» STORED DATA
╔══

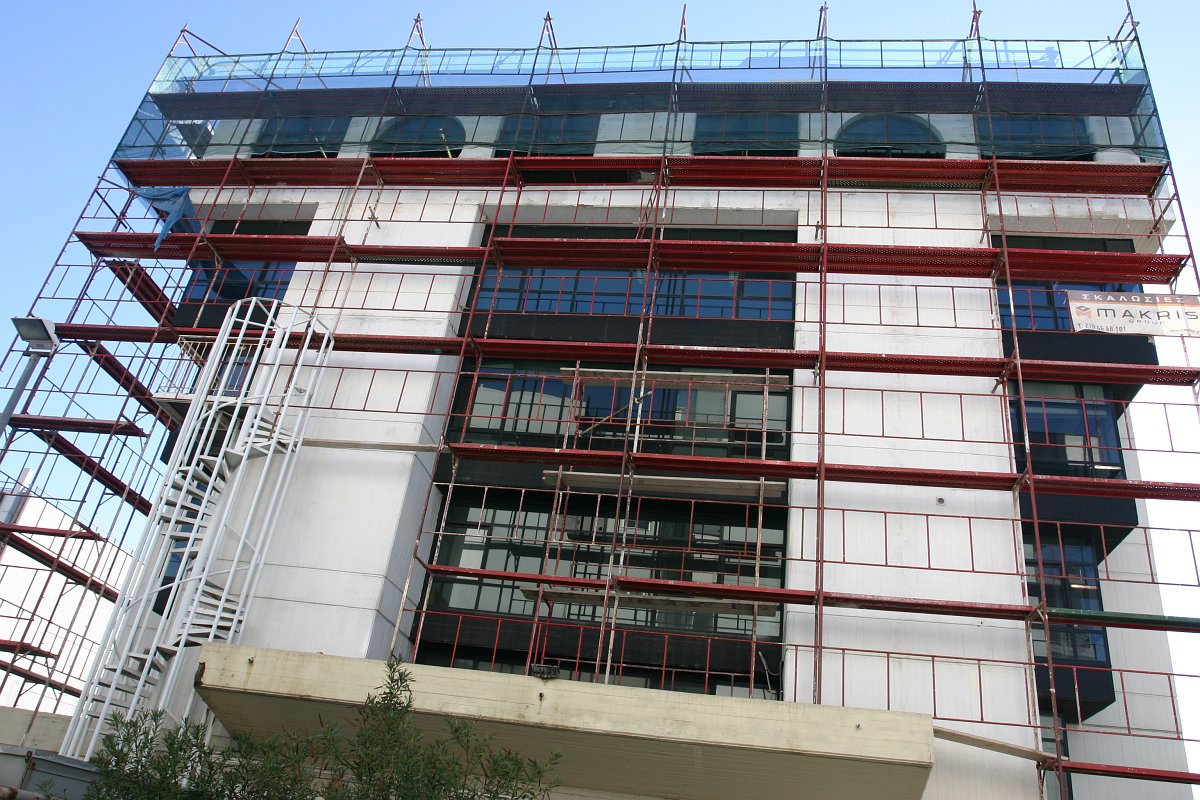 Τοποθέτηση σκαλωσιάς με Μεταλλικά Δάπεδα στις προσόψεις των γραφείων της εταιρίας για τις ανάγκες εξωτερικής αναμόρφωσης του κτηρίου.
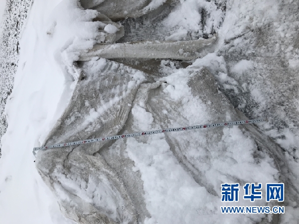 王飛騰團(tuán)隊(duì)發(fā)現(xiàn),“蓋被子”區(qū)域的冰體消融速度減緩。“‘蓋被子’的地方比不‘蓋被子’的地方冰的厚度高了一米,這高出來的一米就是‘蓋被子’的效果?!蓖躏w騰介紹。
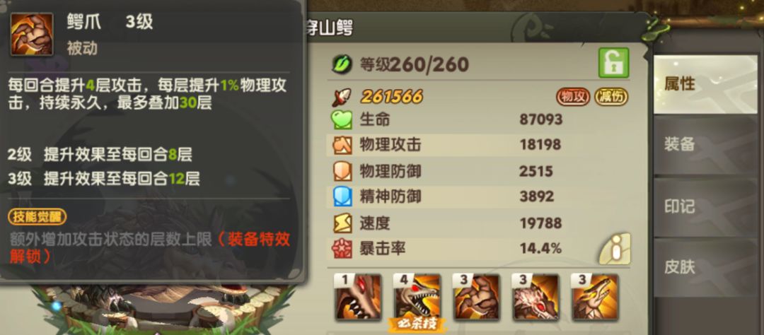 被动【鳄爪】:每个回合都能增加物攻,配合大招打人那是越到后面越顶不住,而刚好,我们四个辅助都是打后期保续航的,最大程度上给了穿山鳄发育的空间。
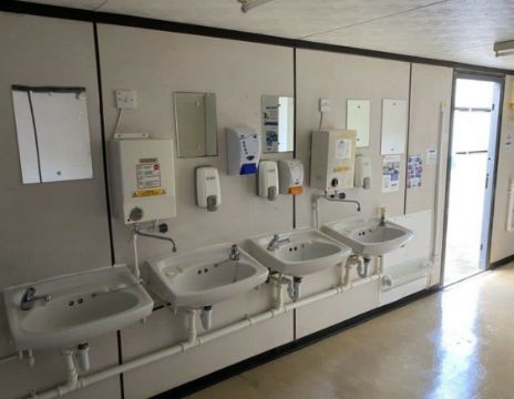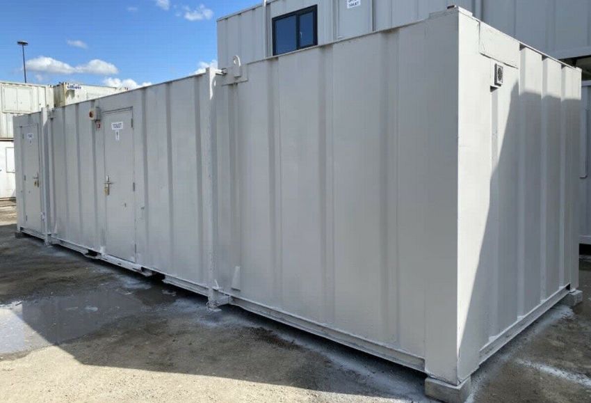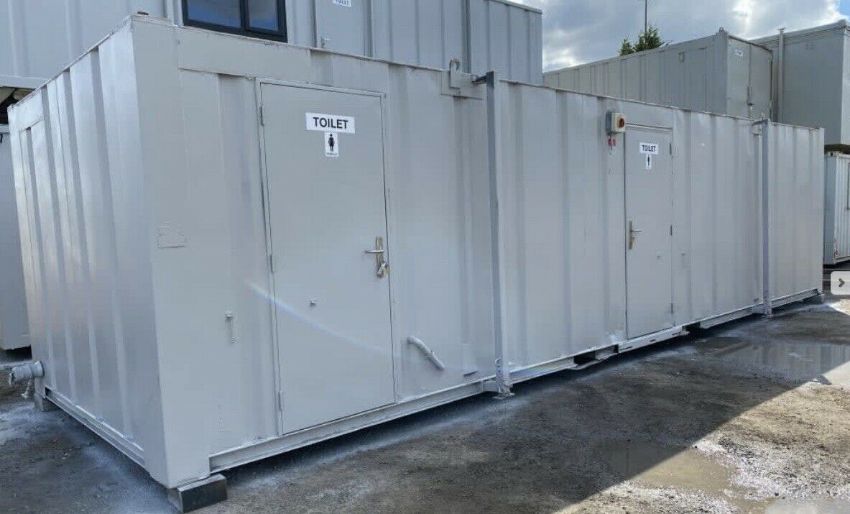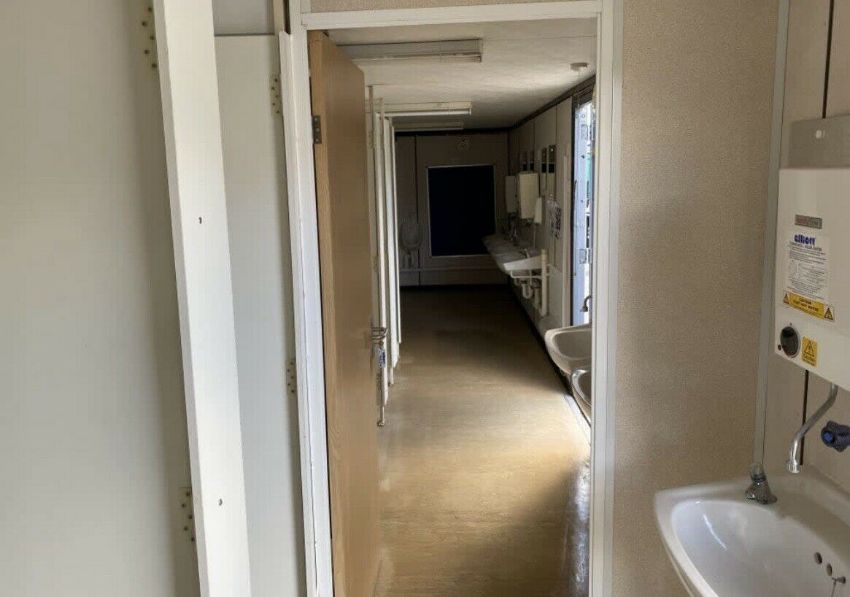 32ft X 10ft 5 + 3 Male And Female Toilet Block, Wc, Welfare Unit, Site Cabin. 5 male cubicles + 6 urinals. 3 female cubicles. Has lockable Inter-joining door to make unit open plan or can lock and use as separate sides. Nationwide delivery available

╚══

» PROBLEM TO WORK ON
Leave out the pictures, and write out exactly the lines from the one containing "被动【鳄爪】:每个回合都能增" through the last line of the listing, both included.

» REPLY
 被动【鳄爪】:每个回合都能增加物攻,配合大招打人那是越到后面越顶不住,而刚好,我们四个辅助都是打后期保续航的,最大程度上给了穿山鳄发育的空间。
 32ft X 10ft 5 + 3 Male And Female Toilet Block, Wc, Welfare Unit, Site Cabin. 5 male cubicles + 6 urinals. 3 female cubicles. Has lockable Inter-joining door to make unit open plan or can lock and use as separate sides. Nationwide delivery available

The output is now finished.